Another battle of wits from Tracy-Hepburn collaborations (their sixth), in Cukor's ADAM'S RIB, they play married lawyers Adam and Amanda Bonner, who respectively becomes the prosecutor and defense lawyer of the trial against Doris Attinger (Holliday, making her strong mark with an affecting personality), a distraught housewife who shoots and wounds her two-timed husband Warren (Ewell) in flagrante delictio with his mistress Beryl Caighn (Hagen, a silver screen debuttante).
Amanda surmounts a vantage point by drawing on this case to flout the inveterate double standard based on genders, if Doris were a man, could her action be considered differently? Whereas Adam cleaves to the letter of the law, Doris must be punished for her reckless , dangerous action, her gender is irrelevant, both sides are valid discretely, but to beat the drum for the rectification of gender inequality, it is wise and accountable that Amanda's view should prevail because there is urgency at stake.

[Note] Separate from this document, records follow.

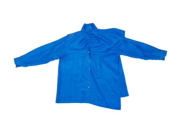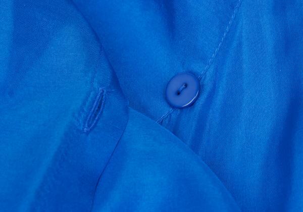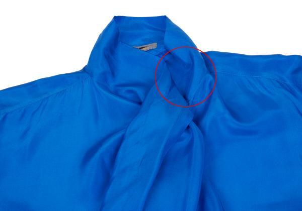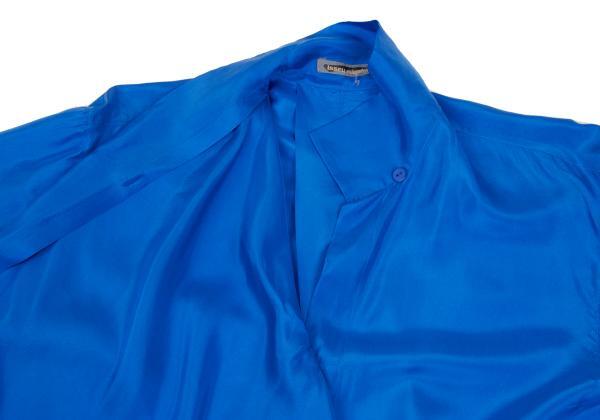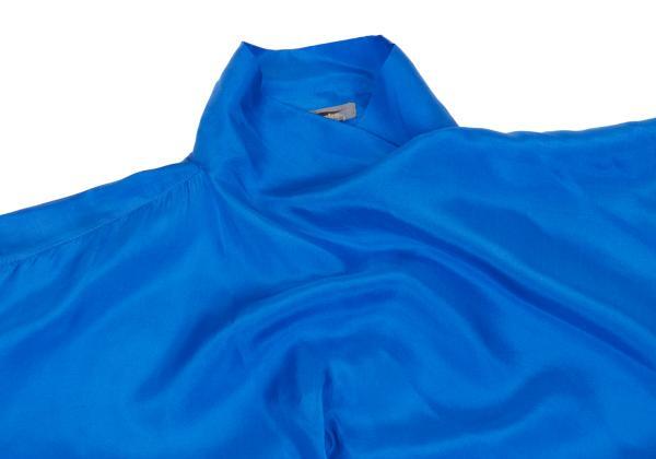 イッセイミヤケISSEY MIYAKEシルクアシンメトリードレープブラウス 青M |
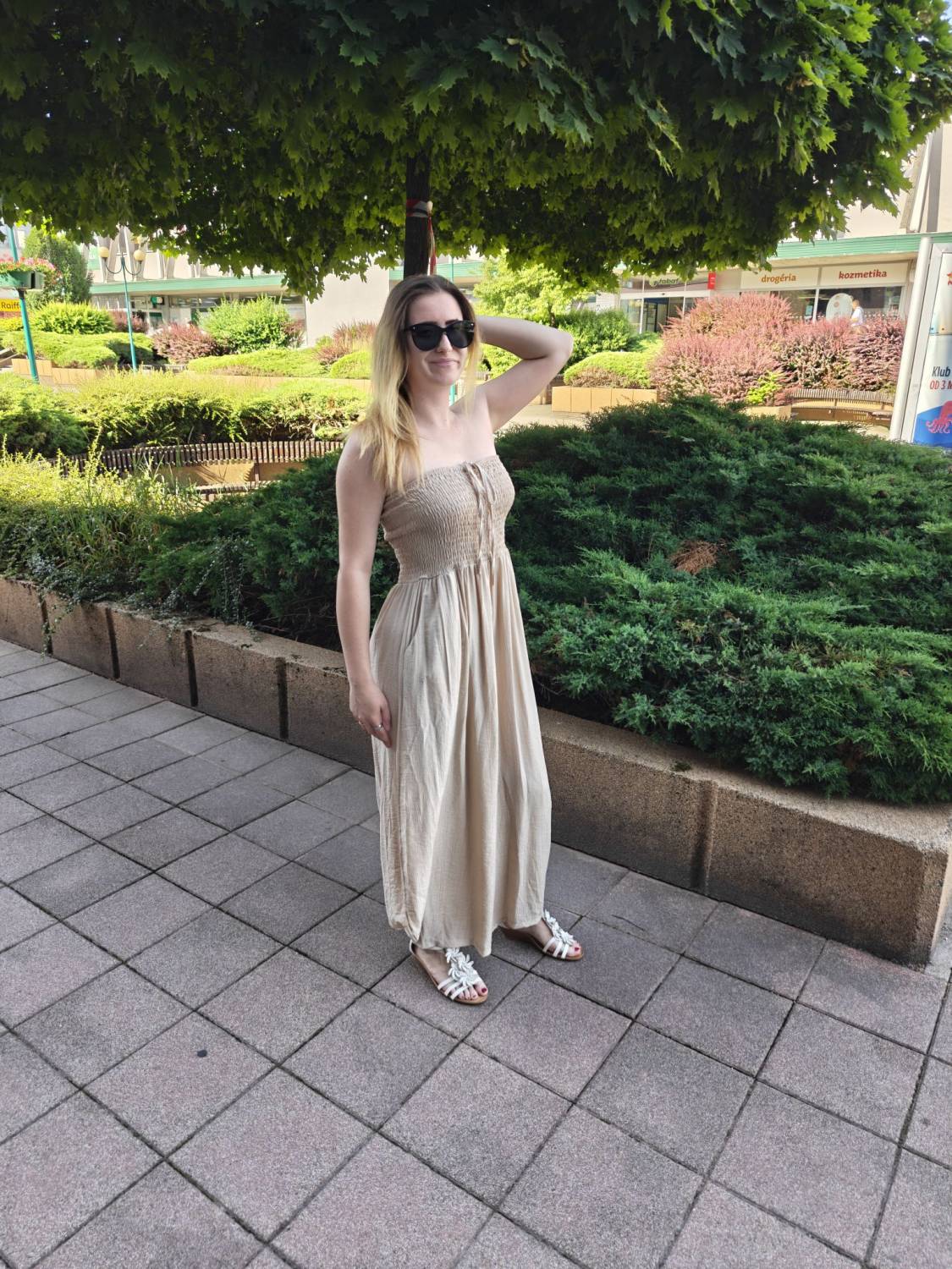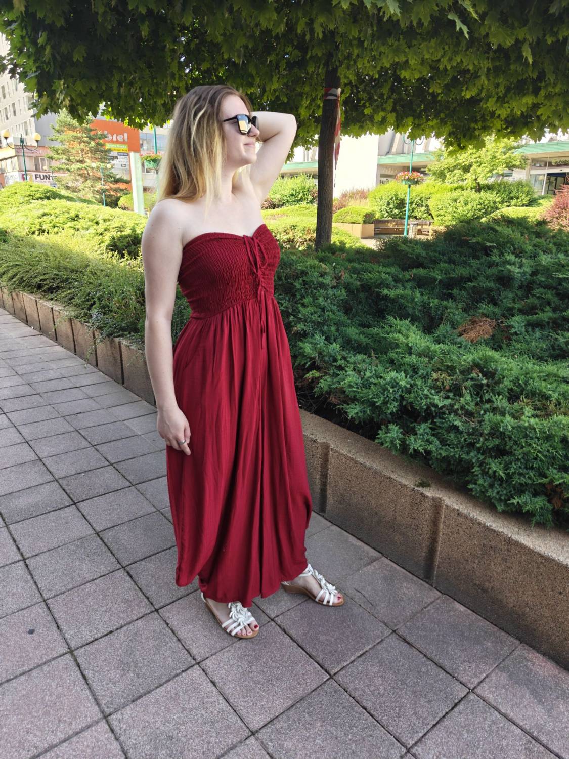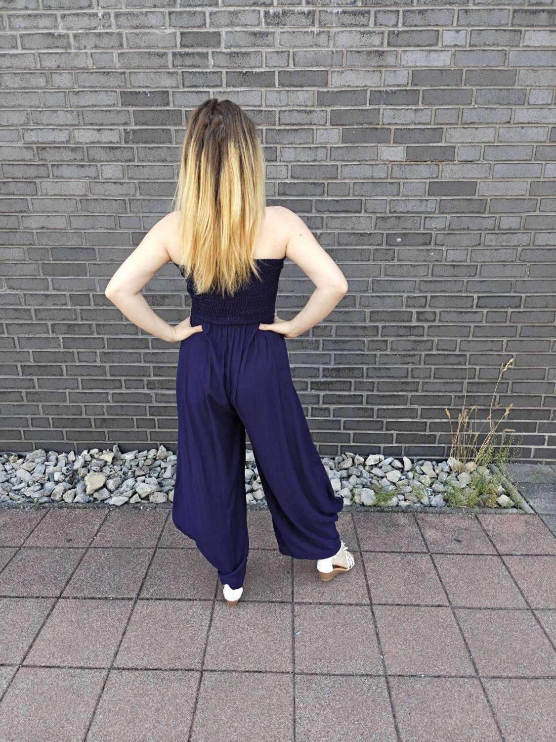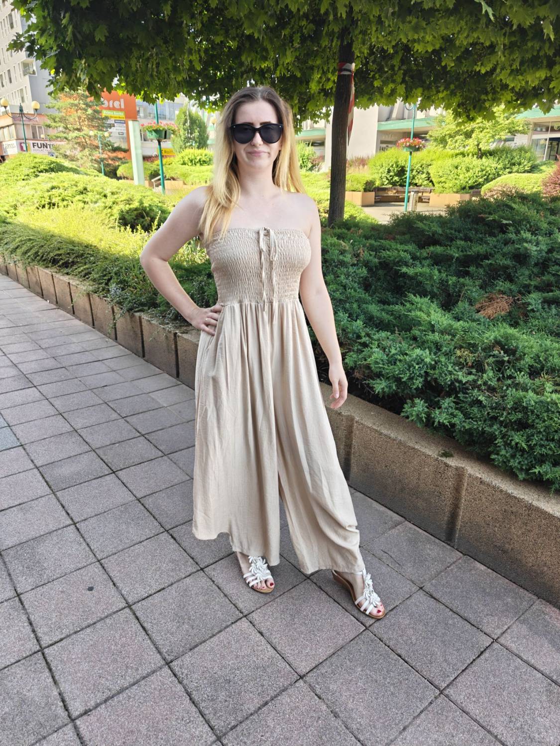 Dlhý overal s nariasením na prsiach.
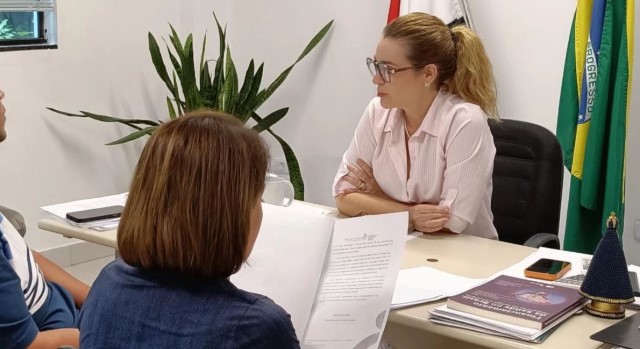 Professora Bebel também esteve na Secretaria Municipal de Saúde (Sesau), onde foi recebida pela secretária Adriana Vitório, pasta que recebeu R$ 100 mil de emenda da parlamentar, recurso utilizado para a compra de medicamentos.
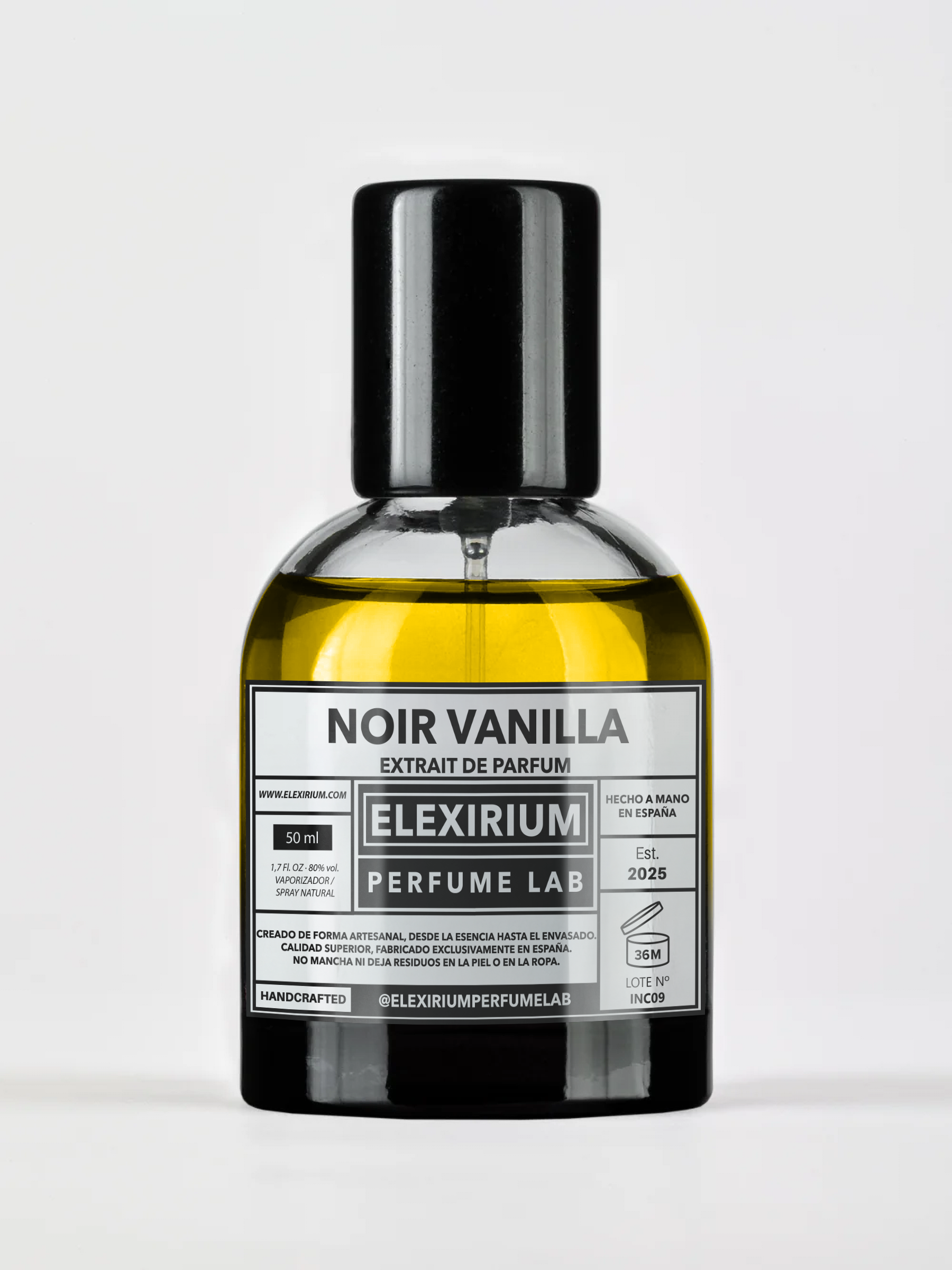 Todas nuestras fragancias se elaboran artesanalmente en lotes pequeños, con aceites de perfume de alta calidad y una concentración del 25 % para garantizar la máxima fijación y proyección.
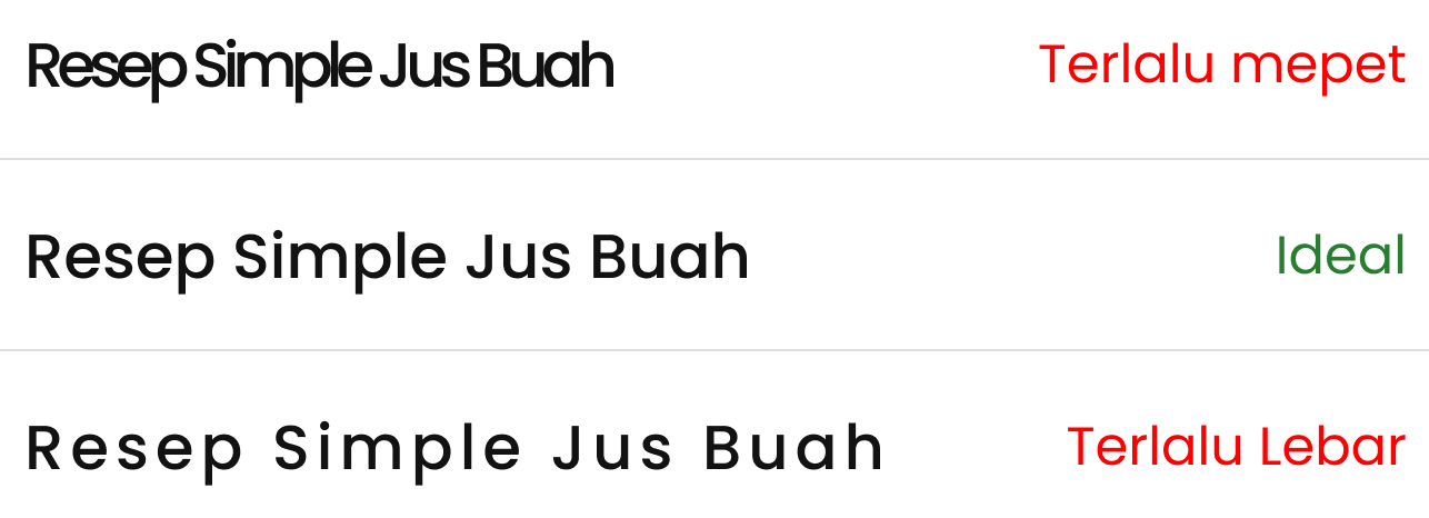 Untuk teks non-kapital atau lowercase, jarak hurufnya jangan terlalu berjarak.
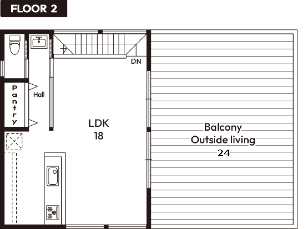 2 バルコニーとLDKが一体化した
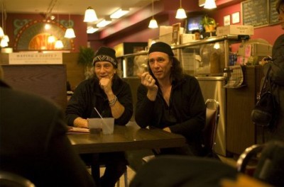 Lips tries to do telemarketing with the help of a very enthusiastic lifetime fan of Anvil, but cannot even produce one sale; this part was especially sad, as even though Lips holds another job, we get a glimpse at how rockers feel when not on the stage, and forced to go to work just like the rest of us (Lips is a man who knows only music; it feels to me he is compromising himself by working a regular job, and that’s why this scene is particularly depressing). An emotional visit with his sister yields a great opportunity for Lips and his band: she gives him what I understood to be around $10,000 to help him make the album.
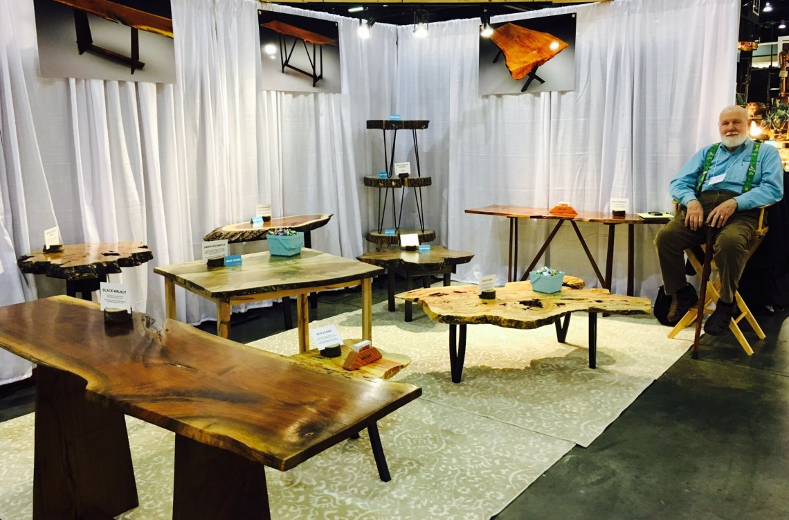 Here you see my Dad, Bill Moore, in his second national craft show. He will be eighty-six (86) next month. He takes away all our excuses for not doing anything because we are tired and feel old. He is a wood working artist. He may hurt, or feel bad, and his body parts may fail him…but he is still out there creating beautiful work. He gets tired and wants to stretch, his legs may hurt, and he needs a stick to help him walk…but he is still out there meeting customers and selling his work. He may want to sit and rest and as actually earned the right to do both…but he still gets into his workshop and builds amazing furniture to prepare for the show, his collectors, and his family.
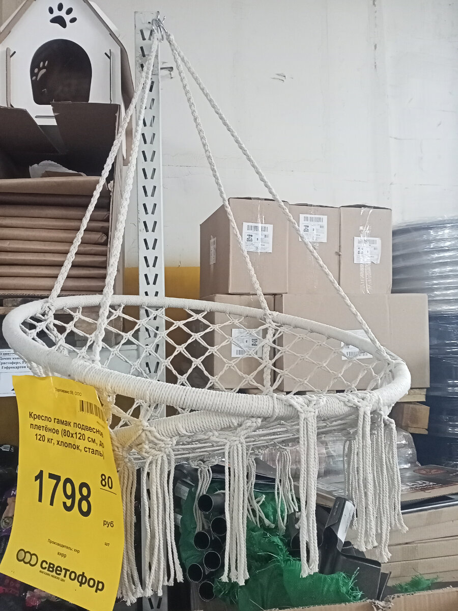 Дорогие друзья, огромный вам привет и замечательного дня. В сегодняшнем обзоре расскажу вам, что интересного появилось в магазине Светофор и по каким ценам. В продаже увидела такие плетёные подвесные кресла-гамаки. Китайское производство. Размер кресла 80×120 см, цена 1798.80. Максимальная нагрузка на кресло 120 кг. Кресла имеют прочный стальной корпус, хлопковую оплетку, оригинально смотрятся, очень удобные. Складные кресла Луна. Производитель Китай. Расцветки разные, стоимость кресла составляет 1499.90. Максимпльная нагрузка на кресло 100 кг. Кресла имеют металлический корпус, прочные, удобные, устойчивые, компактные. Складные туристические столы с ламинированной столешницей. Российское производство. Размер стола 70×50×60 см, цена 1222.90, расцветки в большом ассортименте. Столы очень прочные, устойчивые, удобны в использовании. Разборные мангалы Уголёк Light. Российское производство. Размер мангала 500×300×500 мм, цена 514.90. Мангалы по качеству не очень, металл тонкий, быстро пр
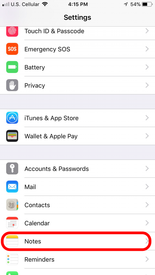- 首先,进入“设置”应用程序,然后向下滚动找到“注释”。
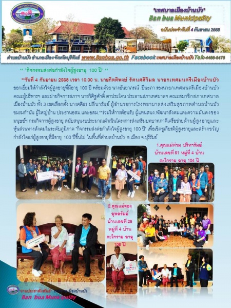 **วันที่ 4 กันยายน 2568 เวลา 10.00 น. นายกิตติพงษ์ รัตนศศิวิมล นายกเทศมนตรีเมืองบ้านบัว ออกเยี่ยมให้กำลังใจผู้สูงอายุที่มีอายุ 100 ปี พร้อมด้วย นางธันยาภรณ์ ปีนะภา รองนายกเทศมนตรีเมืองบ้านบัว คณะผู้บริหารฯ และฝ่ายกิจการสภาฯ นายวิศิฐศักดิ์ ตาประโคน ประธานสภาเทศบาลฯ คณะสมาชิกสภาเทศบาลเมืองบ้านบัว ทั้ง 3 เขตเลือกตั้ง นางศศิธร ปลีนารัมย์ ผู้อำนวยการโรงพยาบาลส่งเสริมสุขภาพตำบลบ้านบัว ชมรมกำนัน ผู้ใหญ่บ้าน ประธานอสม.และอสม.
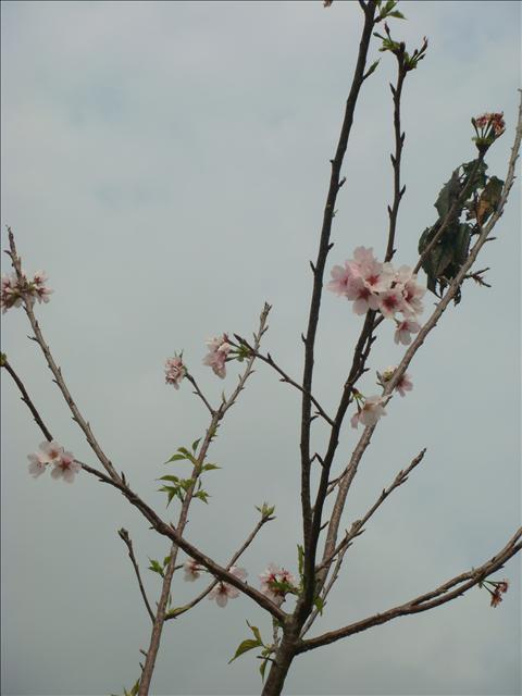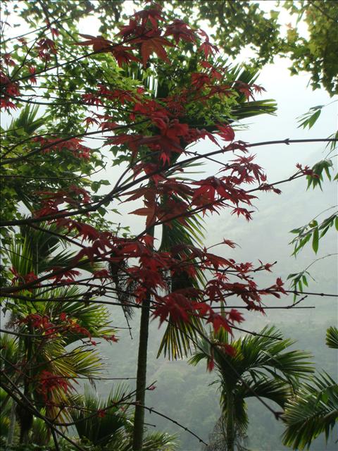 仍有看到一兩株仍有些許櫻花綻放的櫻花樹和葉子依舊火紅的楓樹
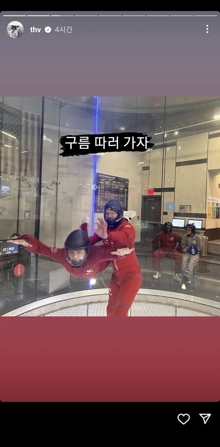 또 뷔는 “나도 저 위로.. 나도 멋진 거..”라는 글과 무중력 체험을 하는 모습이 담긴 자신의 영상을 올렸다.

The ensuing court scenes see the couple cross-examine various witnesses, address to the jury with compassionate persuasion (goosebumps are induced by Hepburn's clinking elocution and cadence since a female lawyer holding court is quite at a premium then), more amusingly, Amanda's frivolous pageant of women who can best the stronger sex, both intellectually and physically, incredibly turns the court into an almost three-ring circus, let alone reducing an exasperating Adam to a laughingstock, as he is single-handedly hoisted by a female weightlifter (Emerson, what a stunt!) in front of the whole court.
While that far-fetched segment is purely actualized for laughter, the script (co-written by the sui generis Ruth Gordon) sedulously offers validation of Adam's standpoint, Amanda is fighting a worthy cause, but her action also smacks of contempt of court. Finally , when Adam gains an upper hand in exacting a Freudian slip from Amanda in panic, this battle of gender reaches an even-handed truce, and fence-mending is the most natural thing to bring down the curtain.
Alternating the Bonner's diurnal litigation with their nightly domestic activity, Cukor's film engenders more zest and zinger behind the closed door, interposing a scene-stealing David Wayne as a brazen third wheel, the songwriter living across the door, who has the chutzpah to chant Cole Porter's “Farewell, Amanda” to woo the woman, and minutes later, flamboyantly shoot the putdowns to her miffed husband, yet, under the safer hands of Tracy and Hepburn, they quip, spat, smooch, reconcile in a whirlpool of screwball-light tempo, and that final waterworks-turning trick briskly conduces to the leitmotif in question, difference aside, equality reigns.
referential entries: George Stevens' WOMAN OF THE YEAR (1942, 6.6/10); Cukor's BORN YESTERDAY (1950, 7.3/10).